Dataset Field Weaviate Property Description
judgment_id document_id Primary identifier
docket_number document_number Secondary identifier
full_text full_text Processed text
text raw_content Raw unprocessed text
excerpt summary Abstract/summary

Tax Interpretations (AI-TAX/pl-eureka-raw)

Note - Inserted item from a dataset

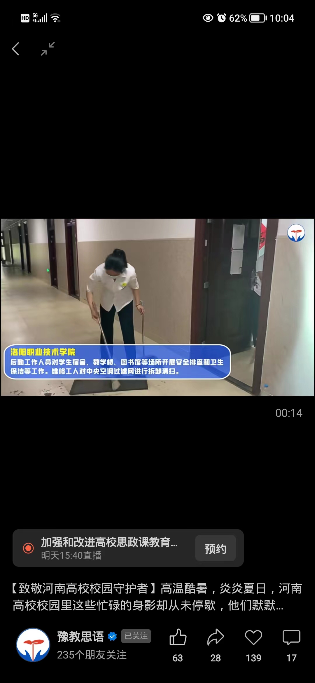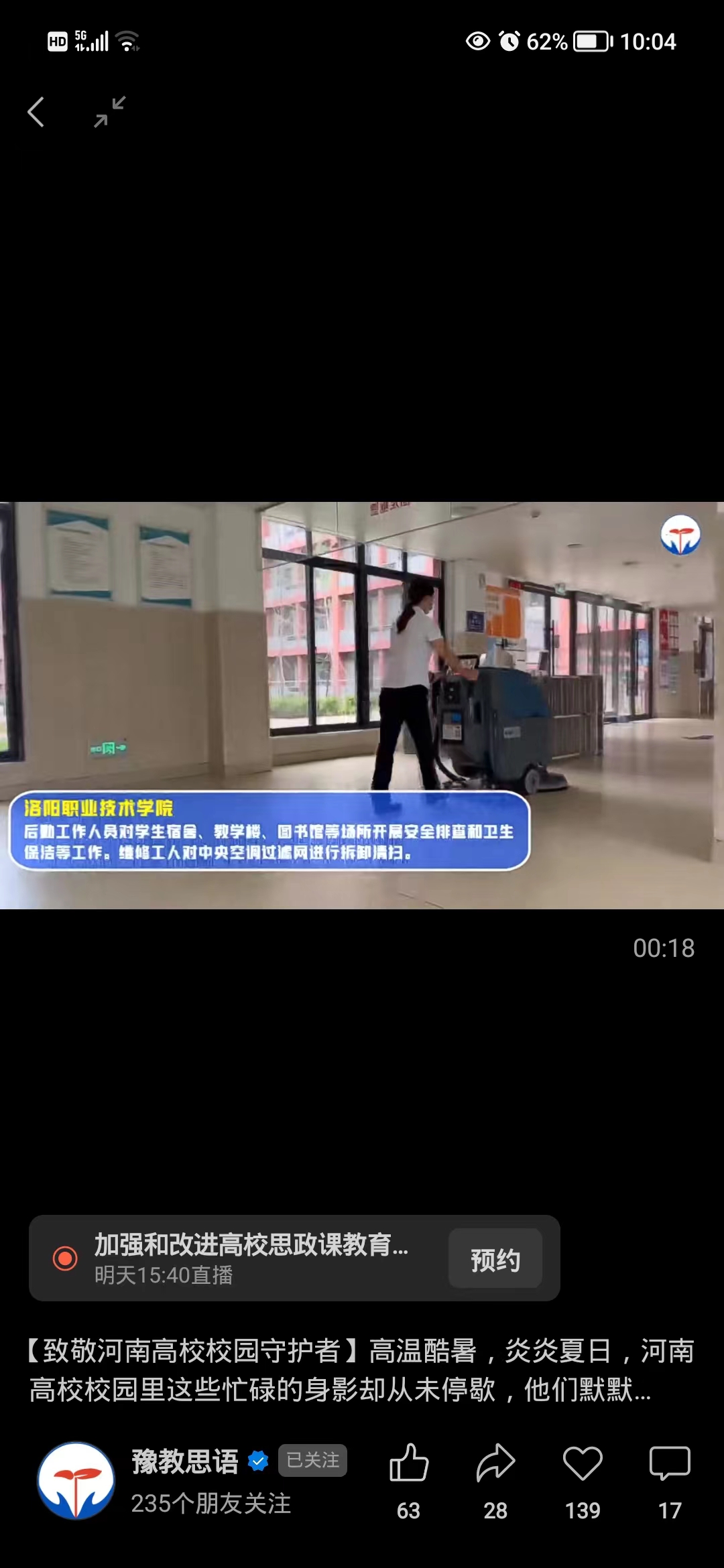 2022年8月19日。豫教思语视频号发布视频致敬河南高校校园守护者,其中有我校工作人员。报道原视频如下: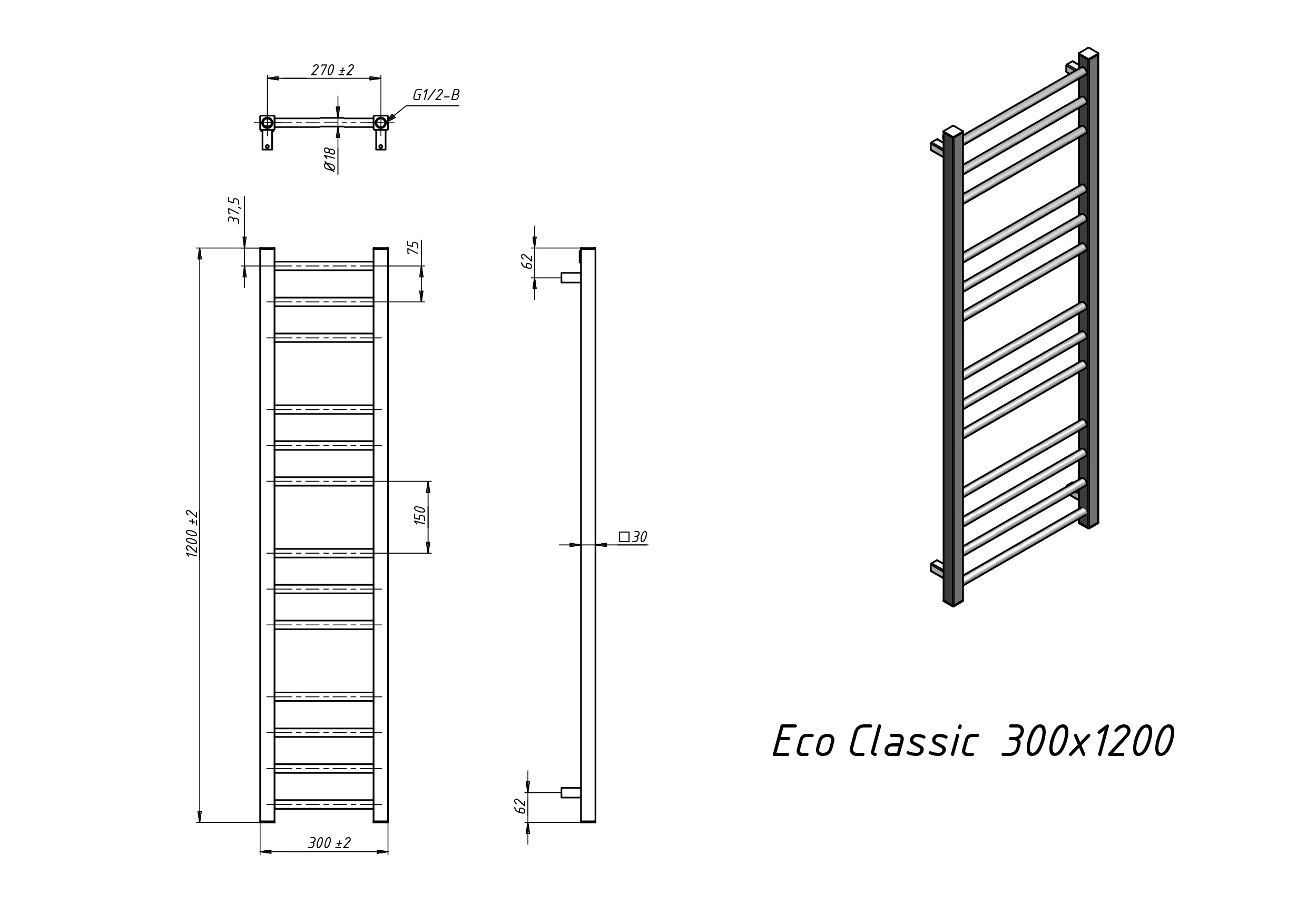 Полотенцесушитель электрический Grota Eco Classic 300x1200 черный

Dataset Field Weaviate Property Description
id document_id Primary identifier
docker_number document_number Secondary identifier
html_content full_text Processed HTML content
text raw_content Raw unprocessed text
introduction summary Introduction section
question thesis Main question

See loaders.py for complete mappings.

Usage

1. Basic Mapping Example

from juddges.data import DatasetToWeaviateMapper, WeaviateLegalDocumentsDatabase

# Connect to Weaviate
db = WeaviateLegalDocumentsDatabase(
    host="localhost",
    port=8222,
    grpc_port=8085,
)

# Initialize mapper
mapper = DatasetToWeaviateMapper(
    db=db,
    dataset_name="juddges/pl-court-raw",
)

# Build index for fast lookups
mapper.build_index(
    id_field="judgment_id",
    secondary_id_field="docket_number",
)

# Get dataset record by document_id
dataset_record = mapper.get_dataset_record(
    document_id="150000000000503_I_C_001234_2020_Uz_2021-05-15_001"
)

# Get Weaviate document by document_id
weaviate_doc = mapper.get_weaviate_document(
    document_id="150000000000503_I_C_001234_2020_Uz_2021-05-15_001"
)

2. Update Raw Text in Weaviate

Using the Script

# Dry run to see what would be updated
python scripts/embed/update_raw_content.py \
    --dataset-name juddges/pl-court-raw \
    --raw-text-field text \
    --dry-run

# Actually update documents
python scripts/embed/update_raw_content.py \
    --dataset-name juddges/pl-court-raw \
    --raw-text-field text \
    --batch-size 100

Using the API

# Update all documents with raw_content from dataset
updated_count = mapper.update_raw_content_from_dataset(
    raw_content_field="text",  # Field in dataset
    batch_size=100,
    document_id_field="judgment_id",
)

print(f"Updated {updated_count} documents")

3. Find Missing Raw Text

# Find documents missing raw_content
missing = mapper.get_missing_raw_content_documents()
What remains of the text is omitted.